In the Singleton code:

private Singleton() {    }    private Singleton(int num) {     //set num  }    public getInstance(int num) {    //singleton code (calls the private non-default constructor if an object     //does not already exist)   }  


Solution:2

There are some dependency injection frameworks like Spring.Net which might help you. You can effectively pass a parameter in a configuration file for your singletons constructor.

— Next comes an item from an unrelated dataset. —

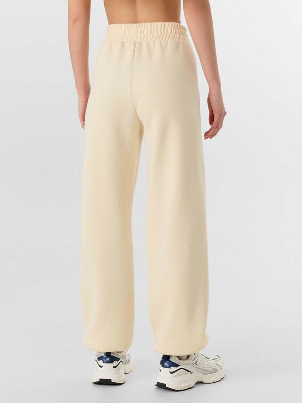 Брюки джогеры из трикотажного полотна. Пояс отрезной, с элатичной тесьмой внутри (60мм внутр. 60RV). По поясу проложены отделочные строчки. Боковые швы смещены в сторону переда. В боковых швах обработаны карманы. По низу джогеров подгибка с эластичной тесьмой внутри.

Link to a Spring Framework example

Might I suggest that if you have two different behaviours required of your singleton that you might want to subclass. That way you get the behaviour that you want by calling the singleton of the class behaviour you want.


Solution:3

You can do this easily with a dependency injection framework. I have a similar construct in my current project using MEF. All that's required is to use the constructor injection options, and add that assembly and the requested dependency's assembly to the catalog, and it wires it up correctly.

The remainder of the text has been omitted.